Subscribe to EDN

SoC power and variations: exploring fine-grained voltage manipulation

March 24, 2010

Two university papers at the International Symposium on Quality Electronic Design this week illustrated some very interesting thinking on fine-grained manipulation of power grids. One, presented by Kimiyoshi Usami of Shibaura Institute of Technology, explored the use of fine-grained power gating to reduce static power consumption. The other, presented by Kyu-Nam Shim of Texas A&M, examined schemes for fine-grained VDD manipulation to compensate for process variations.

It seems logical that designers would begin investigating fine-grained power management. Clock gating has followed a trajectory from full-die—just turning off all the clocks entering the chip—to block-level, all the way to latch-level. It’s plausible that power gating would follow a similar path. But dealing with power rails can be more complex than just suppressing clock pulses. Changing VDD involves saving state, isolating the logic, testing for stability, restoring state, and reconnecting the block to the rest of the chip. The overhead in time, area, and energy can be significant.

Usami’s paper explored designs in which a functional block may be idle occasionally, but for an unpredictable length of time. You would like to gate-off an idle block to reduce leakage current. But the gating process itself consumer energy, so there is what Usami called a break-even time: the minimum time the block has to remain powered-down in order to save as much energy as it costs to gate it. The challenge then becomes guessing when to gate off the power so that you can leave it off for at least the break-even time. Note that as the granularity of the gating gets finer, prediction becomes more difficult. It’s easy to figure out that you don’t need the application processor when the handset is asleep. But it’s less obvious to determine when it is safe to shut down the multiplier in a running application processor.

Usami’s survey of the literature turned up only a couple of interesting ideas. The obvious one is to ask the compiler for hints. But even assuming you could get the attention of the compiler writers, and assuming the thread followed a deterministic path, the compiler would not be able to predict the sequence of events in a multitasking, operating system-governed system. Another idea was to use a statistical guess: if the block has been idle for one break-even time, shut it off: it will probably remain idle for at least that much longer.

To explore decision strategies in a realistic environment, the researchers built a model based on a MIPS R3000 CPU, and extracted power data. They examined four functional blocks for power-gating: the ALU, shifter, multiplier, and divider. The analysis was done while executing two routines, a discrete cosine transform (DCT) and a quick-sort. The methodology was to apply various decision strategies to each unit while running each program, and to calculate the energy saved or lost.
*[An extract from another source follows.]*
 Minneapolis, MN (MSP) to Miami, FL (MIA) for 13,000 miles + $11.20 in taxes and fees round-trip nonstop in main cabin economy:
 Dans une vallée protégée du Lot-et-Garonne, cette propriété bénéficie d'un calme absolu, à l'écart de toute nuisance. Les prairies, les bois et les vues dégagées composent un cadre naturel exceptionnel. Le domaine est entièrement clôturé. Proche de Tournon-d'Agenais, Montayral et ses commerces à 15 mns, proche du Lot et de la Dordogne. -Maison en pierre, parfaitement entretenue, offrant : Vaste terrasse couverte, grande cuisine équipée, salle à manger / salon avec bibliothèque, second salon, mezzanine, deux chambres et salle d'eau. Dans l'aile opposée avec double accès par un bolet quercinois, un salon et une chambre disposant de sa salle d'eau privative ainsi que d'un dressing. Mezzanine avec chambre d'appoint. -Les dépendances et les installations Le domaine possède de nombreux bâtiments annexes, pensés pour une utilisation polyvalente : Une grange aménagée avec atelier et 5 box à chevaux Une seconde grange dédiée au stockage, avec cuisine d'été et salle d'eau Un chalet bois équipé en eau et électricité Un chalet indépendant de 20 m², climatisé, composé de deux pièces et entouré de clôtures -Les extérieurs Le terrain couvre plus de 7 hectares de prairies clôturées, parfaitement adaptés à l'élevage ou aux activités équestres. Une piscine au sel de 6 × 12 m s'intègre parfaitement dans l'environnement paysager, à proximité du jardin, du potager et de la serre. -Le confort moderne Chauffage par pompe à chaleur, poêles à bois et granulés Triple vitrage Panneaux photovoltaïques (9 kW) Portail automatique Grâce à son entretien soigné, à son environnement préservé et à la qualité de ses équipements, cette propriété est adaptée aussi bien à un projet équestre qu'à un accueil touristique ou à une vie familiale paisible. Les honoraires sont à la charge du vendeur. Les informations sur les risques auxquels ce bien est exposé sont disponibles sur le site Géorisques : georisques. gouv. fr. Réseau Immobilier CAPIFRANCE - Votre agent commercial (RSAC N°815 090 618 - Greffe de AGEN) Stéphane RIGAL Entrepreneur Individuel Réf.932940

One surprise was that the simplest strategy the team examined—simply shutting down a unit each time it became idle—wasn’t that bad. It actually saved some energy in the quick-sort routine, but was less efficient that the other strategies in the DCT.

Other strategies the team examined included the above-mentioned one of shutting the unit down after one break-even time; the same, but with the break-even time adjusted for die temperature; employing a bit that remembered whether the strategy had guessed right last time, much like a branch-prediction bit; and some refinements thereupon. The calculated data showed that some of the more refined algorithms were nearly as good at saving energy as perfect foreknowledge would have been. The conclusion is that it is feasible to power-gate functional blocks in a CPU based only on information local to the block itself, without reference to global information, external hints, or prescience.
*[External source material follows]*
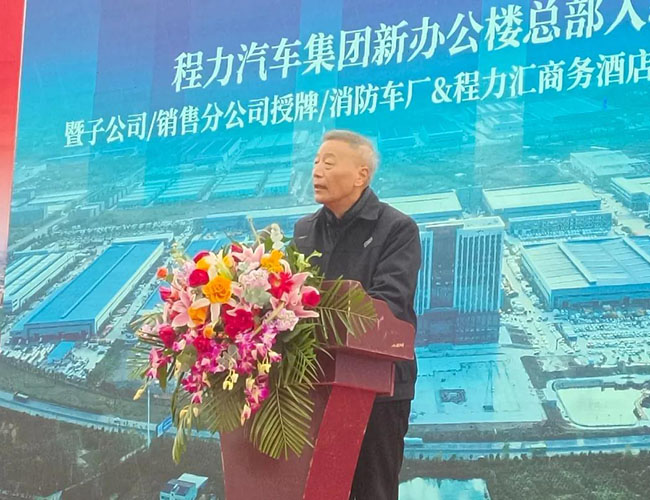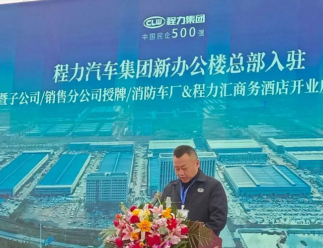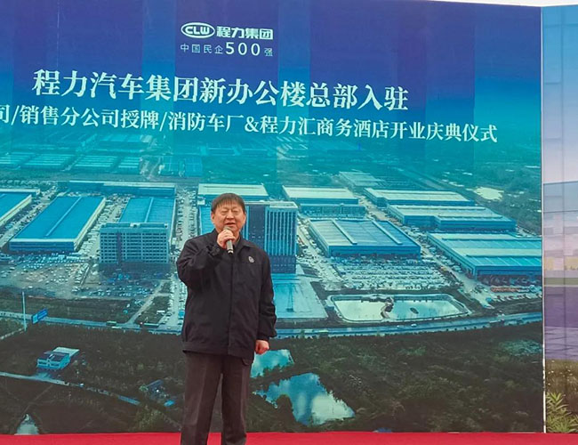 在程力集團新廠辦公大樓總部入駐慶典會上,集團總經理程阿羅為程力消防車公司總經理汪東洋,舉行了消防器材廠開業授牌儀式,汪東洋總經理作了表態和發言。

The second paper looked at an entirely different aspect of power control: this time not for energy savings but to compensate for delay variations. Shim pointed out that manufacturing variations in such parameters as threshold, channel length, contact resistance, and interconnect impedance could lead to significant delay variations even within a local area on one die. And aging effects make such variations change over time. Therefore some kind of circuit that measures actual delays and applies compensation is increasingly desirable.
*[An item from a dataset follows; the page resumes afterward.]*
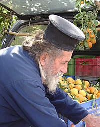 Ein Priester verkauft Apfelsinen ... und bespritzt mit Weihwassser. |

Shim said that adaptive body bias has been used for this purpose, even in fine-grained schemes. But applying body bias increases junction leakage. Another alternative would be to adjust VDD to compensate for increasing delay. Shim cited a 2007 paper by an IBM team that proposed two supply rails—one for standard VDD, and one for a slightly higher voltage: not enough for the logic to require level shifters, but enough to overcome an increase in path delays through the logic. Each block would select one rail or the other through high-side switches similar to the sleep transistors used in power gating. Such an approach could be used at the block, critical-path, or even cell level, but the overhead for routing and switches grows as the granularity gets finer.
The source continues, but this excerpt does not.